La Burbuja Gurney: Cuando ganar Le Mans depende de una sierra y un martillo
La historia del Ford GT40 es la de la venganza más cara de la historia del automovilismo. Henry Ford II quería aplastar a Enzo Ferrari en las 24 Horas de Le Mans y no reparó en gastos. Crearon una máquina perfecta, bajísima (40 pulgadas de alto, de ahí el nombre GT40) y aerodinámica. Pero en 1967, la ingeniería de precisión chocó contra la realidad biológica de un hombre: Dan Gurney.
El problema de medir 1,93 metros
Dan Gurney era uno de los mejores pilotos de América, un gigante rubio con talento natural para ir rápido. Ford lo quería en su coche ganador, el Mark IV. Pero cuando Gurney intentó sentarse en el habitáculo durante los entrenamientos, ocurrió el desastre: Su casco golpeaba contra el techo. No podía sentarse recto y, lo peor de todo, la puerta no cerraba.

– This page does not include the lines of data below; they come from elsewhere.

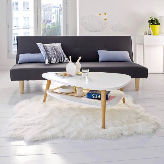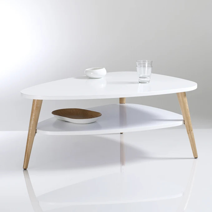 Modern coffee table, shelf, wooden legs, white, ModernHome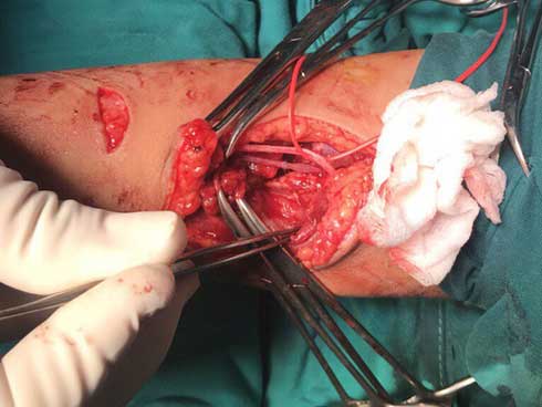 Ngay sau khi tiếp nhận bệnh nhi, các bác sĩ xác định sinh mạng của bé đang nguy kịch nên chỉ định phẫu thuật khẩn cấp. Sau 1 tiếng khẩn trương, ê-kíp đã tiến hành mổ kết hợp xương, vi phẫu nối lại động mạch cánh tay trái. Rời phòng mổ, bệnh nhi được đưa về khoa Hồi sức để theo dõi và điều trị bảo tồn các chấn thương sọ não, tổn thương gan.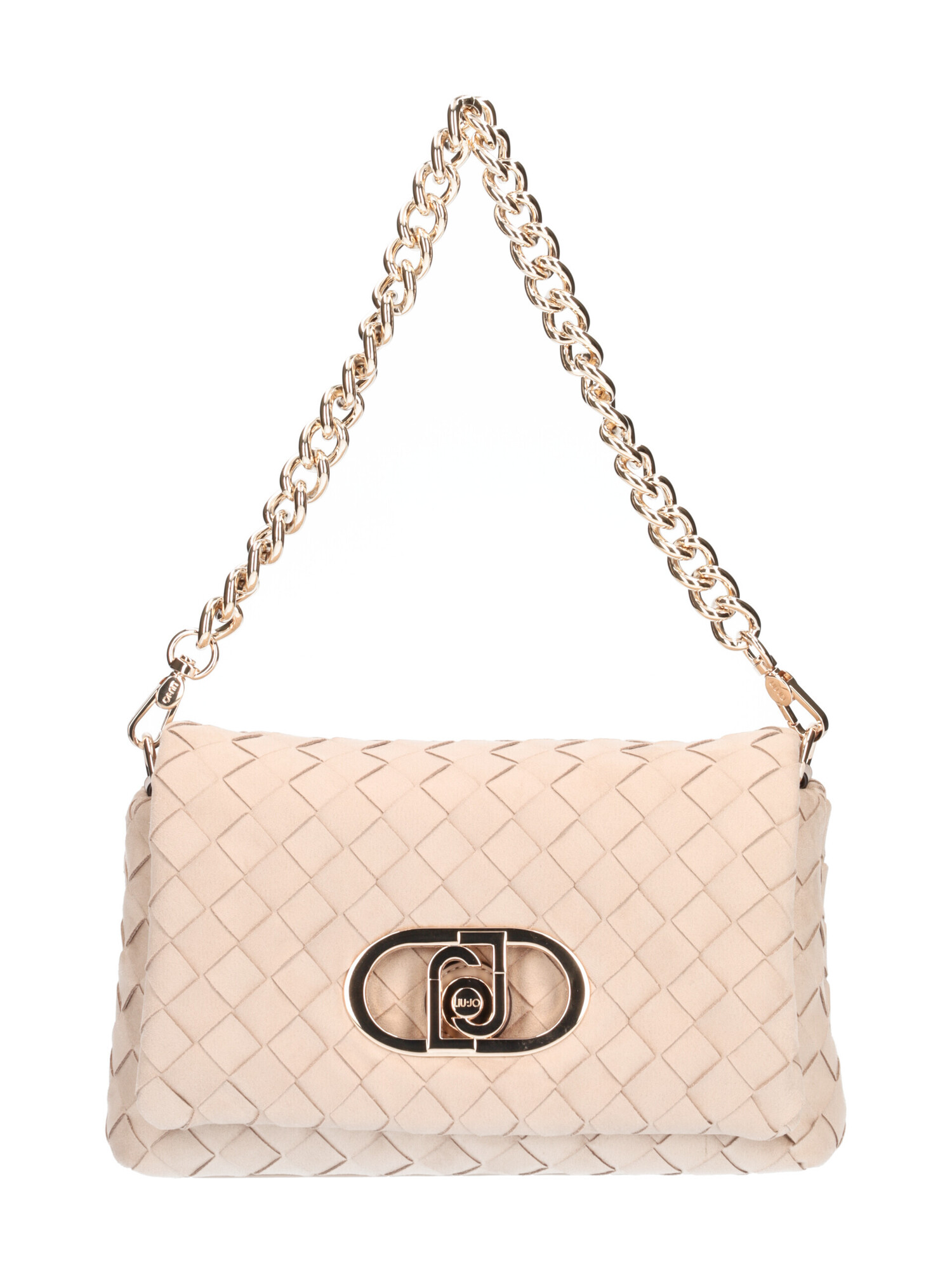 Borsa a tracolla Liu Jo La Puffy da donna in similcamoscio beige con rifiniture dorate, manico di catena e tracolla regolabile in ecopelle in tinta. Chiusura con automatico, no zip centrale taschino interno di servizio.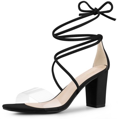 Perphy Women's Lace Up Strappy Clear Strap Chunky Heel Sandals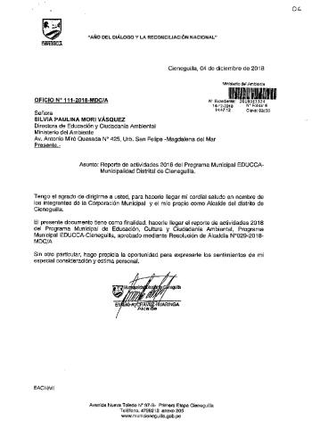 Y de acuerdo al instructivo para elaborar e implementar del Programa Municipal de EDUCCA (Resolución Ministerial N°456- 2018- MINAM), la Municipalidad Distrital de Cieneguilla remite al MINAM las actividades desarrolladas el 2018 en el marco del Programa Municipal EDUCCA-CIENEGUILLA aprobado mediante Resolución de Alcaldía N° 029-2018-MDC/A de fecha 07 de mayo del 2018

Era la semana de la carrera. No había tiempo para rediseñar el chasis, ni para bajar el asiento (que ya estaba pegado al suelo), ni para construir un coche nuevo. Los ingenieros de Ford entraron en pánico. Millones de dólares en túnel de viento y desarrollo estaban a punto de irse a la basura porque su piloto era demasiado alto.
La solución de la ferretería
Fue entonces cuando la genialidad de las carreras de la vieja escuela entró en acción. Si el piloto no puede bajar... el techo tendrá que subir.
Phil Remington, el legendario mecánico de Shelby American, cogió una sierra. Sin miramientos, cortó un agujero en el techo de fibra de vidrio del carísimo prototipo, justo encima de donde iría la cabeza de Gurney. Luego, fabricaron una pieza abombada, una especie de chichón de fibra, y lo pegaron sobre el agujero para cubrirlo. Había nacido la "Gurney Bubble" (La burbuja Gurney).
Los ingenieros de aerodinámica se llevaron las manos a la cabeza. Aquello rompía el flujo de aire perfecto del techo. Era un parche, una chapuza estética. Pero funcionaba. Gurney cabía, por los pelos, y podía conducir.
Ese coche, con su extraño bulto en el techo y pilotado por Dan Gurney y A.J. Foyt, no solo corrió. Ganó las 24 Horas de Le Mans de 1967, venciendo a Ferrari y estableciendo un récord de distancia que tardó años en superarse. Pero esa ya es otra bonita historia para contar. A veces, la alta tecnología necesita un poco de bricolaje para cruzar la meta.